Excerpts from a dataset
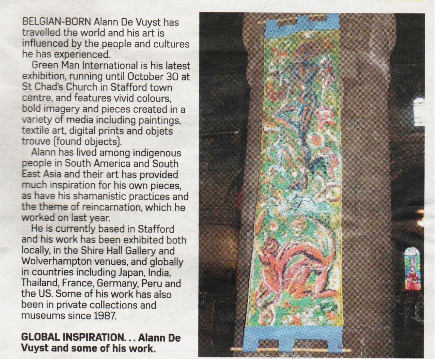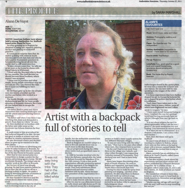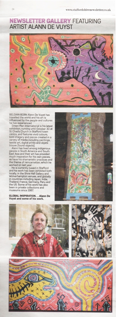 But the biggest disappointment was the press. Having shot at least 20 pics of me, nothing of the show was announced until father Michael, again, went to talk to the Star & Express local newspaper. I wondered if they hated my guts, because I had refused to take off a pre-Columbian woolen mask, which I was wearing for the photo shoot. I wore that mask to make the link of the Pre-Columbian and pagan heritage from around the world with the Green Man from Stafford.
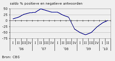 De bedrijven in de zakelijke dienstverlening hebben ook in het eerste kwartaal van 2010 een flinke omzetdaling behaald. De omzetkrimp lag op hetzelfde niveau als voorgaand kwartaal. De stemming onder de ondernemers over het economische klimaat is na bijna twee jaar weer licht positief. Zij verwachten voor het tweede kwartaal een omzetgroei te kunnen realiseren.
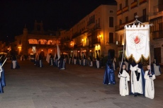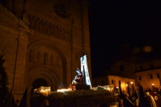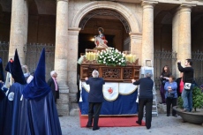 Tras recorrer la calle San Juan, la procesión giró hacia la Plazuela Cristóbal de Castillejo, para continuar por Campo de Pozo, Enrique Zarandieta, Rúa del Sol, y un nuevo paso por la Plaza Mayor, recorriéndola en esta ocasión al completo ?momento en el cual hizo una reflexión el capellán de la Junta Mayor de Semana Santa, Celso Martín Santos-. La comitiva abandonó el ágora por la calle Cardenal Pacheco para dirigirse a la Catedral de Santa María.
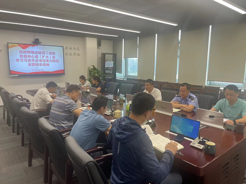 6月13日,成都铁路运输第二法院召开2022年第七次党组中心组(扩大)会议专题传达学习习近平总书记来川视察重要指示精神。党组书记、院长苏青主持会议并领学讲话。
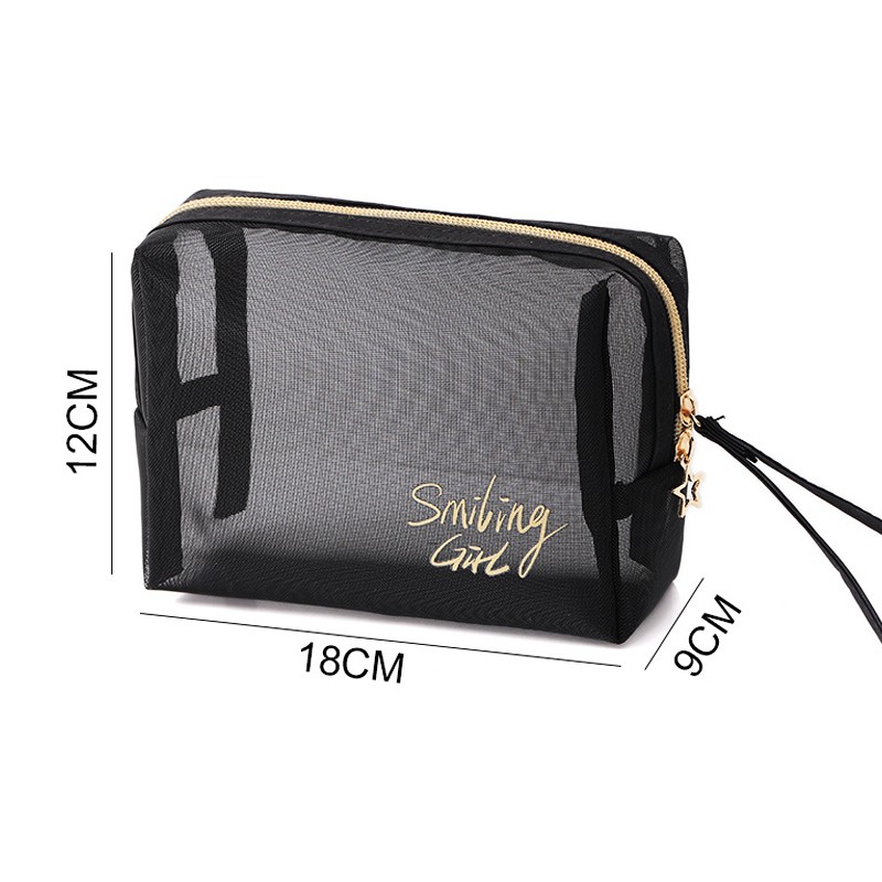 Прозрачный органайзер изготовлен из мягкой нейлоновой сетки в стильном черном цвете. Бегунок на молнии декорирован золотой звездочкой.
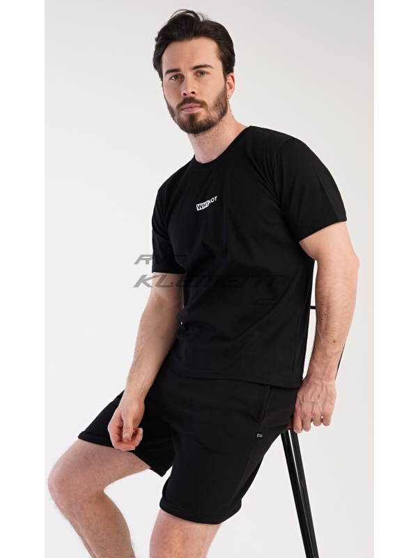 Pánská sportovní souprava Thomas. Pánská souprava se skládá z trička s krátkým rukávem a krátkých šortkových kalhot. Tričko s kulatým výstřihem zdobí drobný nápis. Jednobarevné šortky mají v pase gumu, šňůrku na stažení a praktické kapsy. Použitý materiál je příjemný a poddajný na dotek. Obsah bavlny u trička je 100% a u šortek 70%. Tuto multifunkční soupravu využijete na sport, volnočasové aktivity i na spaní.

Exercise: Exactly the lines from the one that contains "6月13日,成都铁路运输第二" to the last line of the data, both included, should be set down, and no pictures should appear among them.

Your response:
 6月13日,成都铁路运输第二法院召开2022年第七次党组中心组(扩大)会议专题传达学习习近平总书记来川视察重要指示精神。党组书记、院长苏青主持会议并领学讲话。
 Прозрачный органайзер изготовлен из мягкой нейлоновой сетки в стильном черном цвете. Бегунок на молнии декорирован золотой звездочкой.
 Pánská sportovní souprava Thomas. Pánská souprava se skládá z trička s krátkým rukávem a krátkých šortkových kalhot. Tričko s kulatým výstřihem zdobí drobný nápis. Jednobarevné šortky mají v pase gumu, šňůrku na stažení a praktické kapsy. Použitý materiál je příjemný a poddajný na dotek. Obsah bavlny u trička je 100% a u šortek 70%. Tuto multifunkční soupravu využijete na sport, volnočasové aktivity i na spaní.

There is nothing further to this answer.